Second: While I guess passing judgment on people's preferred way of listening to thing is kind of OT, why exactly do you need two 2500W subwoofers for a home audio setup? Are you trying to demolish your house, one song at a time? One should really be plenty. That way you might have room to sit directly in front of your monitor too, which judging by your photo is not possible at the moment.

But on a more serious note, as noted above, you are attempting to build a speaker setup that your motherboard's integrated audio isn't capable of handling. It supports 5.1 audio, which means center+front L/R+rear/surround L/R (=5) +_*1 subwoofer*_*. *One, not two. Using two will require you to somehow split the output subwoofer signal, which will make sound quality noticeably worse. The reason why one of your subs is silent is because it's trying to act as a center speaker, which likely means its low-pass filter is filtering out essentially all of the audio signal. As to your questions about the center channel, it's used mainly for dialogue in films, but can have other uses too. Nonetheless, the main goal of a center channel is to have sound emit from as close to the on-screen source as possible, which is especially important for dialogue (as having dialogue come from front stereo speakers can result in "floating" voices that don't seem to emit from whoever is speaking).

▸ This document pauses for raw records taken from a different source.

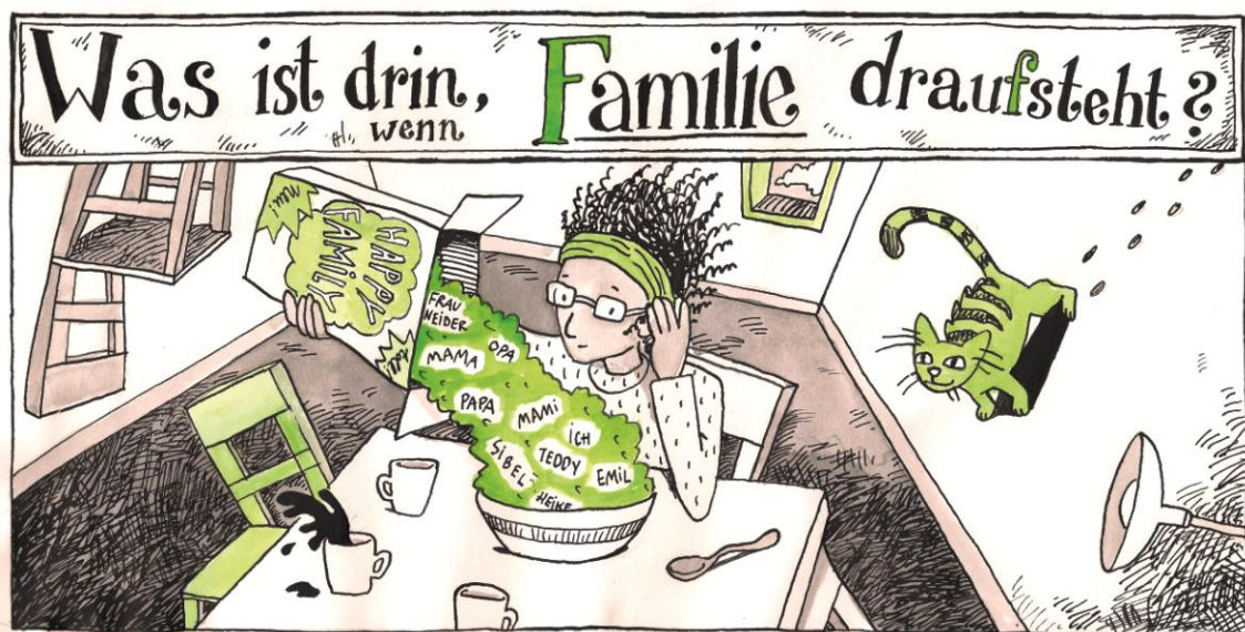
Illustration aus dem Buch "machtWorte!" - © Ka Schmitz

Auch der Begriff „Familie“ steht inzwischen für ganz unterschiedliche Lebensformen jenseits der bürgerlichen Kleinfamilie. Dementsprechend variieren die Lebenswirklichkeiten der Kinder und ihrer Familien, sind Alleinerziehende und Patchwork-Familien ebenso eine Familienform wie „Regenbogenfamilien“. Jenseits von überkommenen Normalitätsvorstellungen alle Familien gleichberechtigt zu behandeln, sollte auch zu einem inklusiven Selbstverständnis von Kitas gehören.
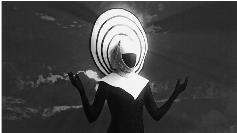
Ил. 1.4. Кадр из фильма «Во имя мира» (2011). Режиссер Джессика Митрани

Визуальное искусство тоже использует видеоформат как средство критически осмыслить социальную проблематику, связанную с идентичностью, однако в более радикальных с точки зрения политики и более экспериментальных по форме вариациях. Если выйти за рамки коммерческого фэшн-фильма, можно привести в качестве примера видеоинсталляцию Джессики Митрани «Во имя мира» (Headpieces for Peace, 2011), состоящую из одиннадцати сменяющих друг друга историй, в которых режиссер с позиций гендерных исследований критически рассматривает политику религии и стиля и прослеживает связи между модой и феминизмом. Отсылая к предисловию Мишеля Фуко, предваряющему
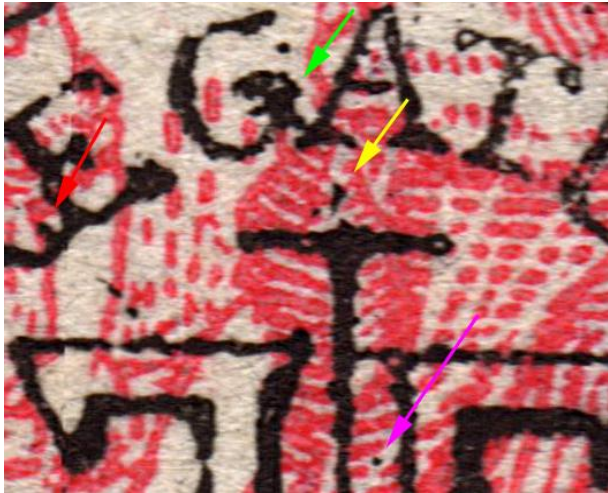
Maiers 10 bani
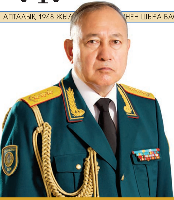
Сәт ТОҚПАҚБАЕВ, генерал-полковник:
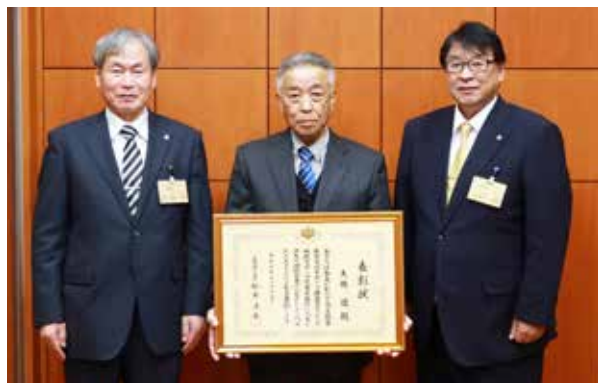
受賞報告に訪れた大橋さん㊦

That's also the reason for center speakers' somewhat unusual driver arrangements, as they are often specifically tuned for the audio range of the human voice. The reason the center channel is on the same audio jack as the sub channel is simply for convenience, as 3.5mm jacks are (normally) 2-channel jacks, and the other channels are already paired, so it makes more sense for the layout of the audio outputs to combine these two than it does to split them out into separate jacks.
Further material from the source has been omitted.